Puisne Judge of the Supreme Court of New South Wales
- In office 8 July 1985 – 12 March 1999

Personal details
- Born: Peter Aloysius McInerney 9 April 1927
- Died: 1 August 2014 (aged 87)
- Citizenship: Australian
- Spouse: Jeanette Hardie
- Alma mater: University of Sydney
- Profession: Barrister Judge

= Peter McInerney =

Supreme Court judge of New South Wales, Australia (1927–2014)

Peter Aloysius McInerney (1927–2014) was an Australian barrister and New South Wales Supreme Court judge.

==Biography==
McInerney was born in Goulburn, New South Wales, the only child of grazier Leslie McInerney and his wife, Florence (née Smith). Forebears had farmed in the Southern Tablelands for more than 150 years, and Peter grew up on the family property, Moonyah, near Collector.

His initial education was by correspondence, then at the tiny Breadalbane Primary School. He completed his Leaving Certificate in 1945 at St. Joseph's College in Hunters Hill, where he led the senior debating team. He matriculated to receive a double degree in Arts and Law from the University of Sydney.

==Career==
===Legal career===
After graduation, McInerney commenced as an associate to New South Wales Supreme Court judges John Clancy and Cyril Walsh. He was admitted to the New South Wales Bar in 1955 and practised from Selborne Chambers focussing on common and criminal law. He represented many clients in the Newcastle and Broken Hill regions in industrial injury matters and appeared in a number of cases for battered women accused of murdering their husbands. He was a brilliant trial advocate, always meticulously prepared.

He was appointed a Queen's Counsel (QC) in 1974 and appeared for prisoners in the Nagle Royal Commission (1976–78) into the Bathurst prison riots.

===Judicial career===
He was appointed a judge of the Supreme Court of New South Wales in 1985. He presided over many high-profile trials including that of Gregory Allen Brown the Downunder Hostel arsonist.

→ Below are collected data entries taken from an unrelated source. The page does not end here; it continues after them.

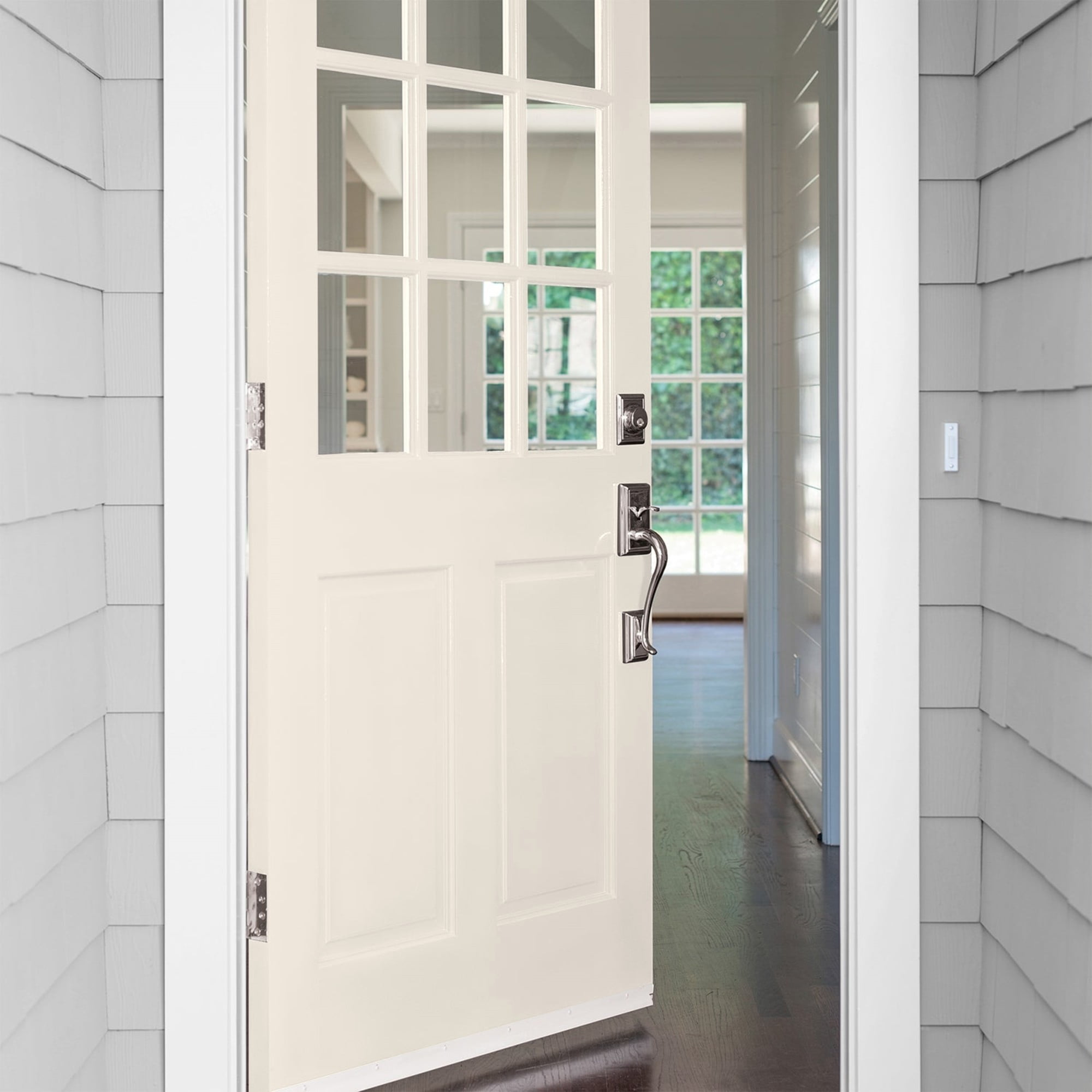 Glidden One Coat Exterior Paint is a super-premium quality paint that provides in one coat coverage* an enhance UV protection finish. This 100% acrylic paint provides a mildew resistant coating, excellent hide and adhesion, and exceptional resistance to fading, cracking & peeling on many exterior projects including properly prepared, exterior wood, brick, masonry, concrete, weathered aluminum, and primed metal substrates. Available in Flat, Satin, Semi-Gloss Sheens. Pearls And Lace is a pale, shaded, veiled white and the undertone is red. This paint color makes any room look perfect. Combine it with white trim.
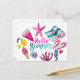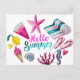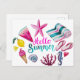 Hej Sommar med stjärnfisk, strandduk, sjöfågel, flinflip flops, glass, citron, havs-ogräs, vattenmelon och snäcka på vit bakgrund.
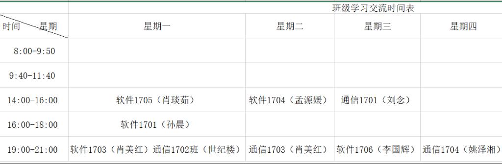 软件工程17级同学活动参与积极性有待提高;18级同学学习交流活动情况良好,活动期间认真学习,积极讨论。1702、1703、1704、1805四个班级本周未进行学习交流活动。
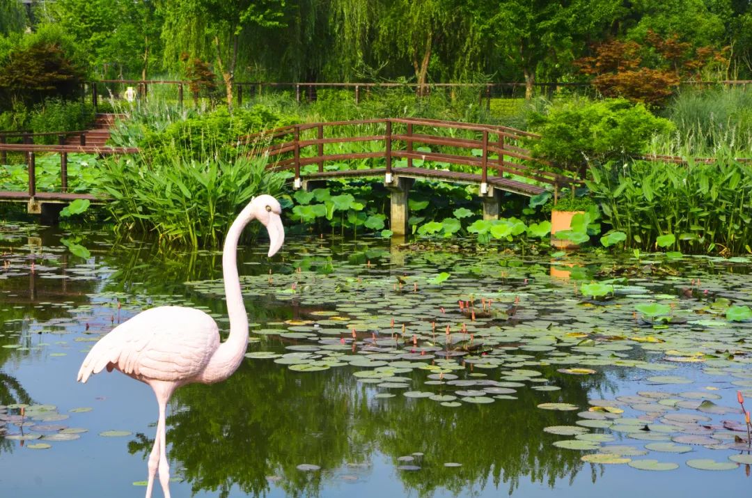莫奈花园是特别为园区内水域设计的生态水生植物园,以莲科植物为主、各种水生植物点缀其中,仿佛世界著名画家莫奈名画《睡莲》和《日本桥》般绚烂。
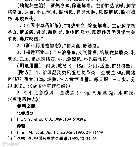 【各家论述】《新华本草纲要》:全草:味甘、性平。有凉血平肝、清热解毒的功能。用于肺痨咳血、糖尿病、肾炎、膀胱炎、小儿惊风、毒蛇咬伤。
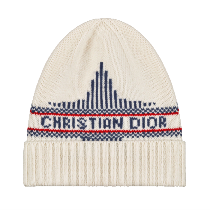 這款白色 3 色軟帽是 DiorAlps 限量系列的作品之一,配以 Christian Dior 先生的幸運星設計,並綴以 Dior Star 主題圖案。
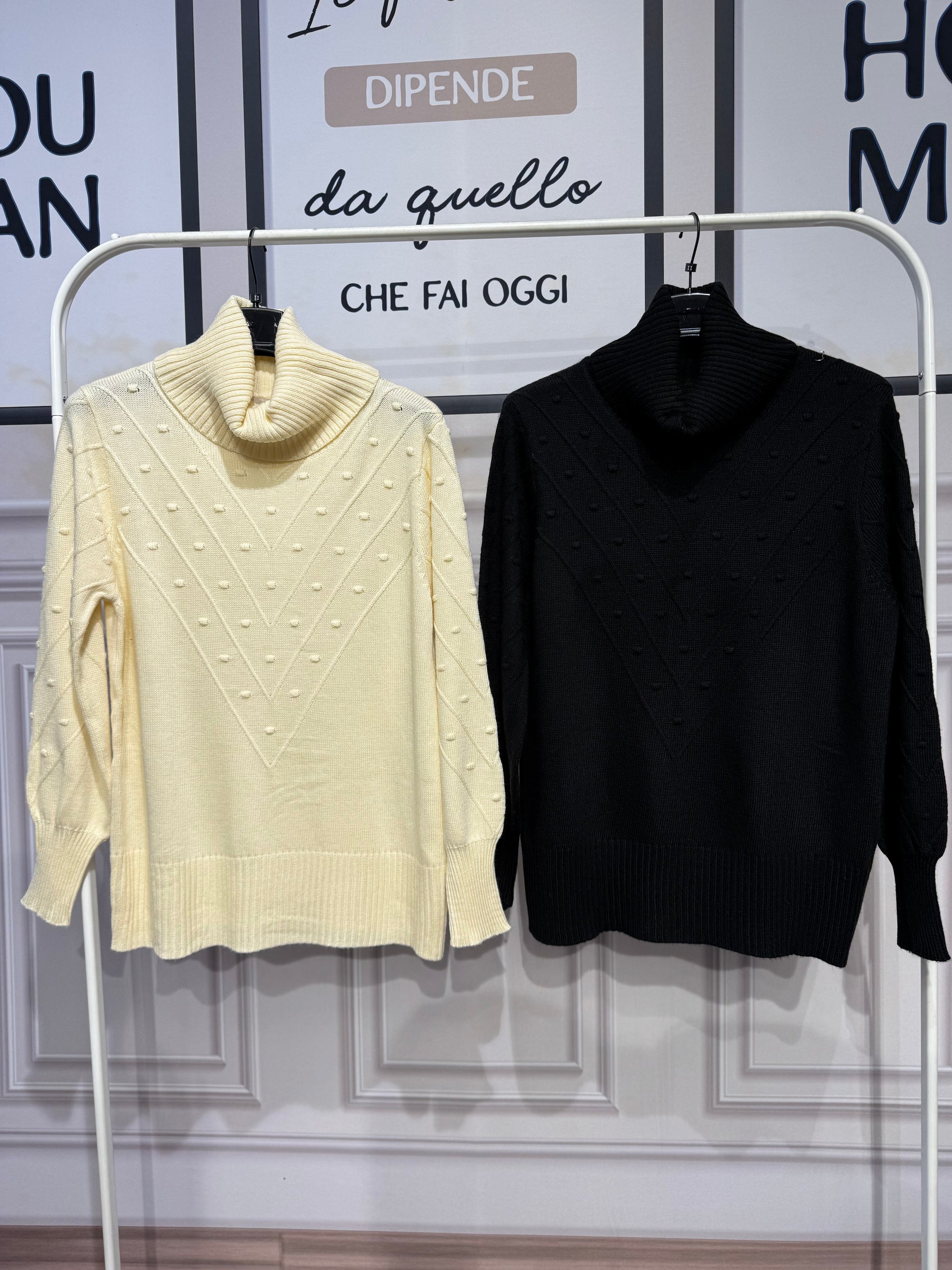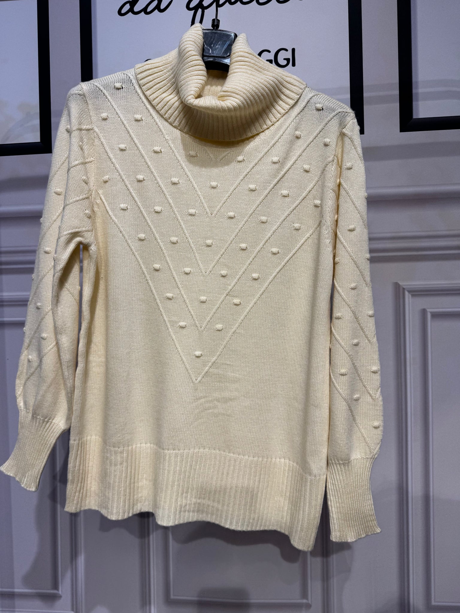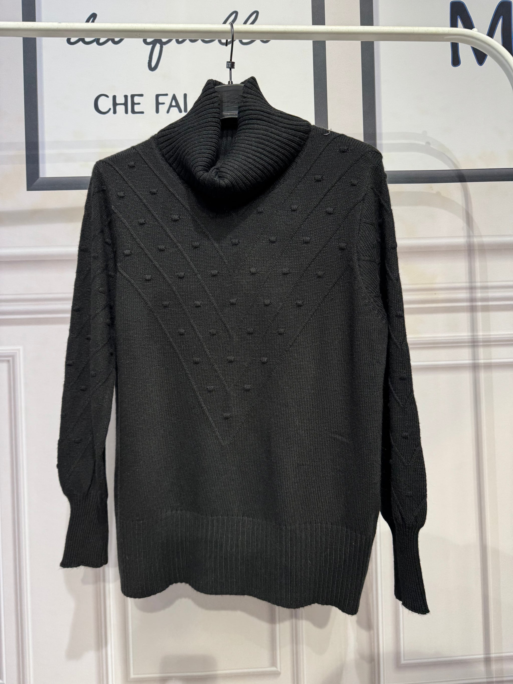 Maglione collo alto a maglia larga, trama a V puntinata
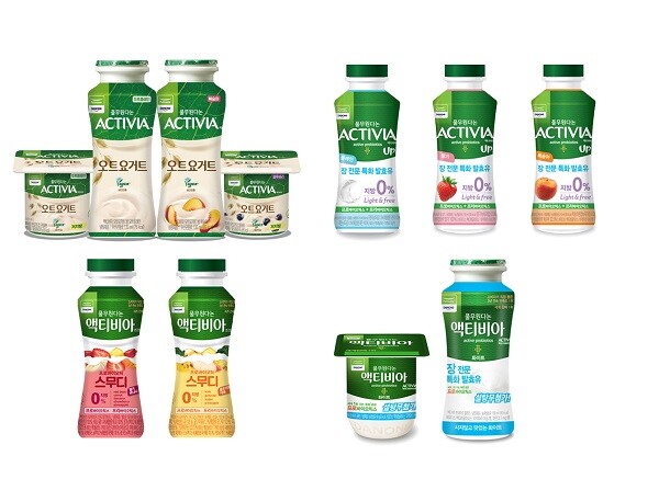 | ▲(왼쪽 위에서부터)액티비아오트요거트, 액티비아 UP, 액티비아 프로바이오틱스무디, 액티비아 화이트 제품 이미지/사진=풀무원다논 제공 |
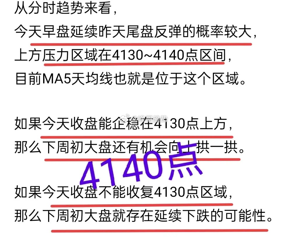 A股:峰哥讲过,压力区域在4130~4140点,做两手准备!早盘延续了昨天尾盘的反弹,涨到最高点4140点(算精准吧)!昨晚的再贷款利率下调消息,让不少投资者对今天的行情抱有良好憧憬。昨天收评的时候,峰哥就讲过,由于分时MACD死叉,大盘要企稳在4130点上方,短线才能松一口气。今天早盘大盘顺势反弹,最高点4140点。刚好到了峰哥盘前预测的阻力区域上限(4130~4140点)。商业航天板块的高标股,风险继续释放,跌停板个股不少。因为昨天的成交量缩得太快了,成交量有继续释放的要求。所以,板块个股继续下跌也就在情理之中了牛市已经进入了下半场,选股胜于盯大盘。两手准备的意思,该走的要走,能留的就留。中低位的AI方向的个股,可以逢低吸纳。因为有些个股成交量集中放大,但涨幅有限,其中的资金无法在短期内撤离,存在反弹机会。当然,仅限于中低位的标的,高标股东风险向商业航天看齐!第二板了,舒服吧个人观点,仅供交流,不构成投资建议!理财有风险,投资需谨慎!A股指数大盘要跌吗今日看盘金价彻底杀疯了
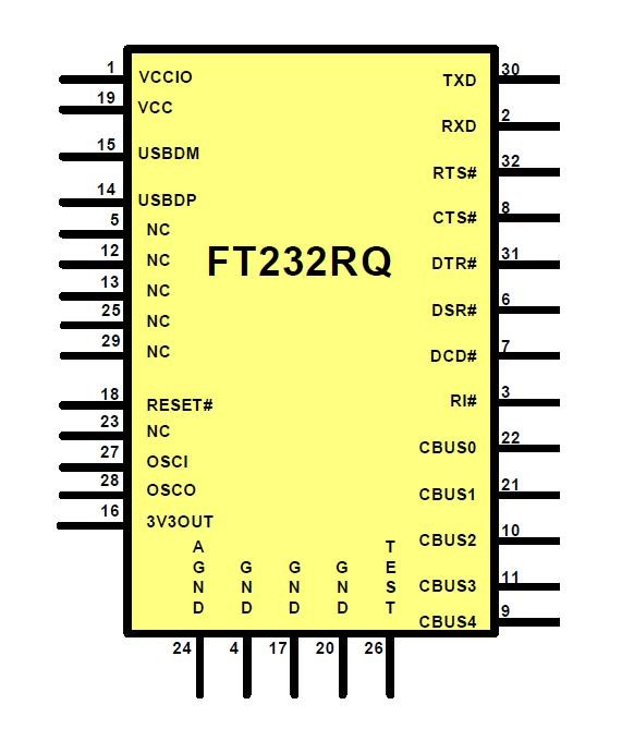 O FT232R é um chip conversor USB – UART que usa seus pinos TXD e RXD para transmitir dados recebidos pela USB ou para transmitir dados para ela. Ele pode ser alimentado com tensões de 3,3V a 5,25V, geralmente para isso é utilizada a tensão disponível pela porta USB (5V). Um ponto muito importante do chip é que ele tem o um pino chamado VCCIO, que deve ser alimentado com a tensão a ser usada nos pinos de interface serial e no barramento CBUS (que será explicado mais adiante). O pino VCCIO pode ser alimentado com tensões de 1,8V a 5,25V. Em outras palavras, VCCIO vai compatibilizar o nível de tensão nos pinos TX e RX com o microcontrolador, que geralmente usa 5V ou 3,3V. Para fazer a comunicação com nível de 5V basta ligar VCCIO ao 5V da USB. Já para um nível de 3,3V, o FT232R conta com um regulador interno do tipo LDO que disponibiliza essa tensão em um pino, o 3V3OUT. Para usar outro nível de tensão é necessário um regulador externo adicional.
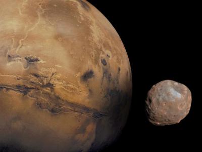 一张火星及其双胞胎卫星火卫一和Deimos的合成照片。新的研究表明,这对彗星实际上可...
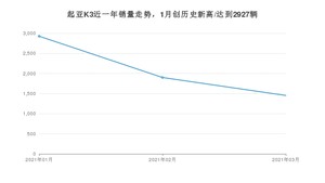 2021年3月,起亚K3销量为1453辆,同比下降40.93%,环比下降23.53%。1-3月份,起亚K3销量为6280辆,同比下降18.22%。在最近1年中,起亚K3销量在2021年01月达到最高,销量为2927辆。
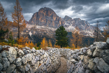 Beautiful autumn colors in Dolomites mountain, Tofana peak, Cinque Torri mountain in Italy, Europe
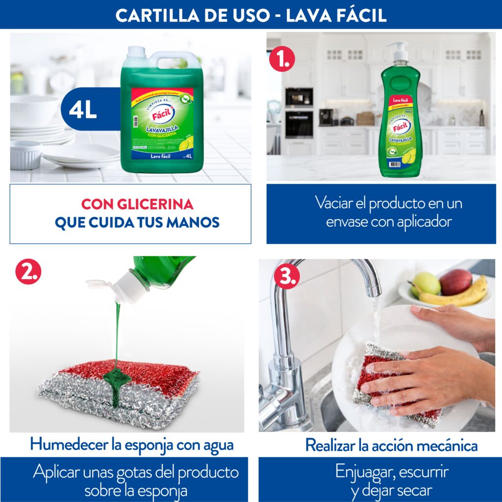 Lava Fácil es la única lava vajilla del mercado que cuida tus manos mientras limpia profundamente. Su fórmula elimina grasa y residuos de comida con espuma abundante que mejora el rendimiento del lavado, dejando platos, vasos y ollas realmente limpios.
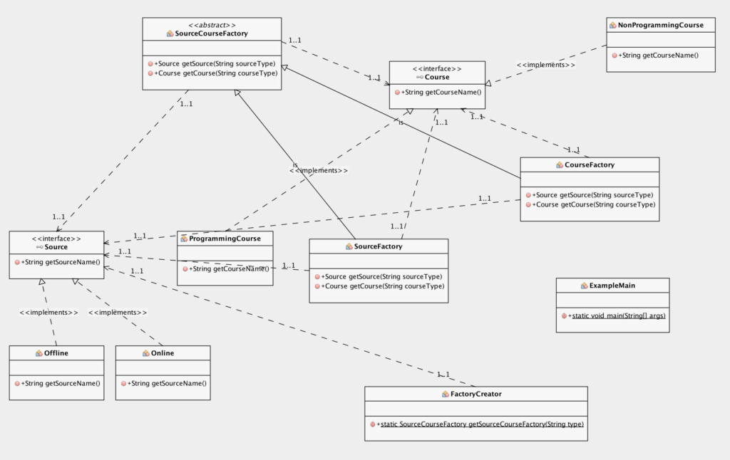SourceCourseFactory course = FactoryCreator.getSourceCourseFactory("course");

In 1997, the long convicted sadistic murderer Kevin Crump successfully applied to the Supreme Court of NSW to convert his life sentence into a minimum term and an additional term. McInerney heard the appeal and maintained the severity of the initial term, sentencing Crump to a minimum term of 30 years and an additional term for the remainder of his life In February 2016, the NSW Court of Criminal Appeal dismissed Crump's application for leave to appeal McInerney's 1997 sentence determination.

===Other appointments===
McInerney was called out of retirement twice to head judicial inquiries into the Glenbrook (1999) and the Waterfall (2003) rail accidents.

==Personal life==
He married Jeanette Hardie in 1956, and the couple raised five children in Killara, New South Wales. For seventeen years he was president of The Australian Golf Club in Sydney.